• **WHAT TO DO**
Beginning with the line where "ELLA: Si no" occurs, set down each line of the records through the final one, exactly and without additions.
******
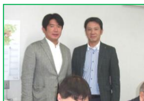
誕生日祝 前川永久会員

ニコニコBOXの合計は12,000円(累計419,000円) ご協力有難うございました。次週も宜しくお願い致します
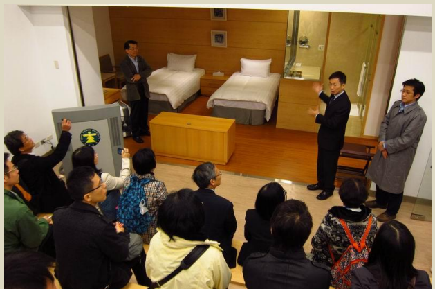
參觀餐旅管理學系教室
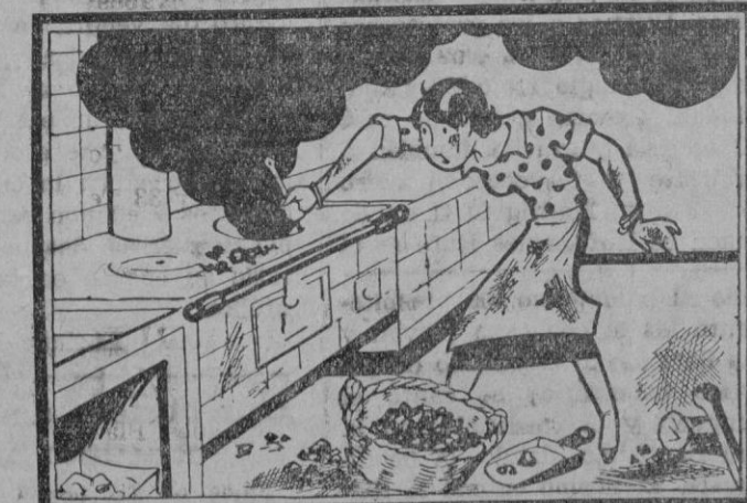
ELLA: Si no fuera por esta cocina la vida sería más agradable.

Alhajas de oro y plata Dentaduras usadas Monedas antiguas de oro, plata y cobre J. MIRÓ Sindicato, 4 (al lado de la chocolatería Bordy)
******
• **RESULT OF THIS TASK**
ELLA: Si no fuera por esta cocina la vida sería más agradable.

Alhajas de oro y plata Dentaduras usadas Monedas antiguas de oro, plata y cobre J. MIRÓ Sindicato, 4 (al lado de la chocolatería Bordy)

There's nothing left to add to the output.